To get away from him and to pass the time until nightfall, I set about cleaning the apartment, something I hadn’t done for months. I straightened up the clothes in the corner, again disturbing one of the cat’s favorite nooks, and took all the empty bottles out to the bin. I made the bed and wiped away the frosted dust from the front window warmed by the red glow of the electric candle.
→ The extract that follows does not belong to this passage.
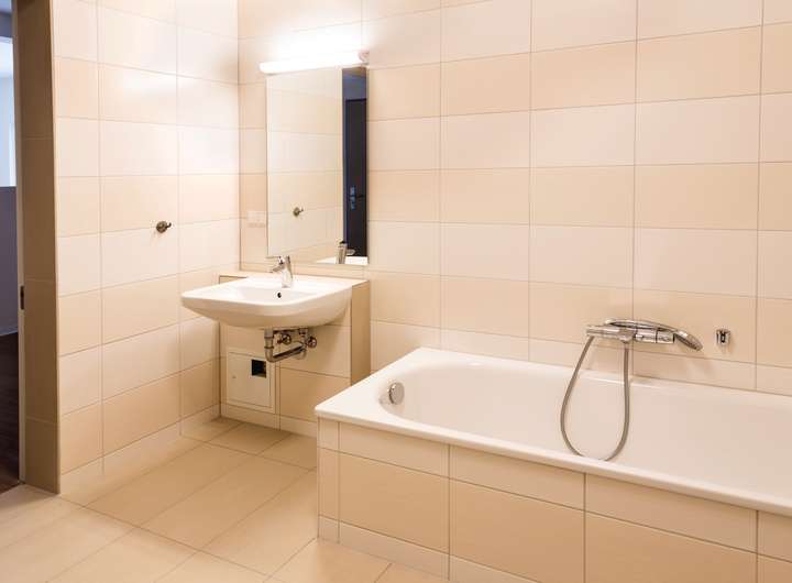 Die Wohnung hat einen pflegeleichten Bodenbelag und verfügt über ein hell gefliestes Bad, Vom Wohn- Esszimmer und Schlafzimmer gelangen sie auf den begehbaren Balkon mit Blicke ins Grüne.

Finally, it was time. I loaded Baxter into the car and drove down to the dogpark beside the river, straining to see as rain flooded the windshield. I unstrapped the canoe, tucked the paddle under one arm and dragged the boat across the gravel parking lot to the river. Baxter hated the rain and barked violently at the grumbling of the boat against the rocks. He was afraid to get in the canoe at first but I lured him with a handful of cat food, which I took from the cat’s bowl before we left, knowing how much Baxter loved those forbidden treasures.
It took me some time but I paddled us to the island, whose pebbly surface shimmered beneath the bloated waves. You could hardly tell that there was an island there at all and I almost tipped the canoe trying to get out. As I steadied the boat on the rock to anchor it, Baxter barked and barked, until the barking barked into something else.
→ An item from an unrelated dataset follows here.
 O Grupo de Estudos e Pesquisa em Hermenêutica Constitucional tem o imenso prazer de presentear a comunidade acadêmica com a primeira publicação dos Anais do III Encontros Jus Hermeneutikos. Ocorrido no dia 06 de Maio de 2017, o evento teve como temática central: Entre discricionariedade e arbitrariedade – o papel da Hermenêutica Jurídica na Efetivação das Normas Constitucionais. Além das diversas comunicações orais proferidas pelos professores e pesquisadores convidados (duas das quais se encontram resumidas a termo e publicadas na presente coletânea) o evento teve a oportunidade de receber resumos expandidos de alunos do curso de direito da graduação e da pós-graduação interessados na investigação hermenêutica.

“Damn boat! Damn boat! Damn boat!”
“Baxter! You can talk.”
“Of course, I can talk,” said the dog. “And so can this boat and I don’t like it.”
I clapped my freezing hands. “It’s a miracle.”
“Maybe,” said the dog ducking his head as the rain pelted.
I looked down at my boots. The flooding made it seem that I could walk on water.
“Baxter, why haven’t you been looking me in the eye?”
“I don’t want to talk about it,” said the dog.
“If I answered that I would be talking about it, now wouldn’t I?”
“I suppose,” I said. “I’m only worried about you is all.”
“About me?” Baxter shook off the rain. “I’m worried about you.”
“Because of Judy?”
“She doesn’t care if we drown now. Face that. Until you do, I can’t face you.”
We stood there for a while on that tiny island being swallowed by the tempest, watching each other’s breath twisted up by rain. And then Baxter looked at me. It had been a while. I had almost forgotten how huge his eyes were, moons in tandem orbit.
I had nothing more to say. When I got the canoe ready to leave, Baxter said, “Don’t bring me here again. I don’t want to come here again.” I nodded and we started back to shore.
The way back was the worst part of it. There was a terrible shrieking sound in my ears whenever I thought about the island and the words Baxter said. The only way to stop that earth-shattering siren in my ears was to take my mind off of the island. So I thought of a song in my head and sang it while dragging the canoe back to the car in the drenching rains. Baxter barked ferociously at the canoe again. I sang so loud that it didn’t matter that the strap kept slipping. I secured the boat and sang the whole way home.
As soon as we turned the corner, I noticed how dark the apartment looked. Smears of ink for windows. When I opened the door, the cat shot past me. I called out to her but the rain swallowed it and she was gone, long gone, into the night. By the front window, the electric candle had marks chewed into its side where it lay on the wooden floor like a hit and run accident.
Although I never got another cat, I tried having other girlfriends. It seldom worked out. Who can blame them for refusing to come between Baxter and me? The awkwardness of it all so loud it makes my ears rain just thinking about it.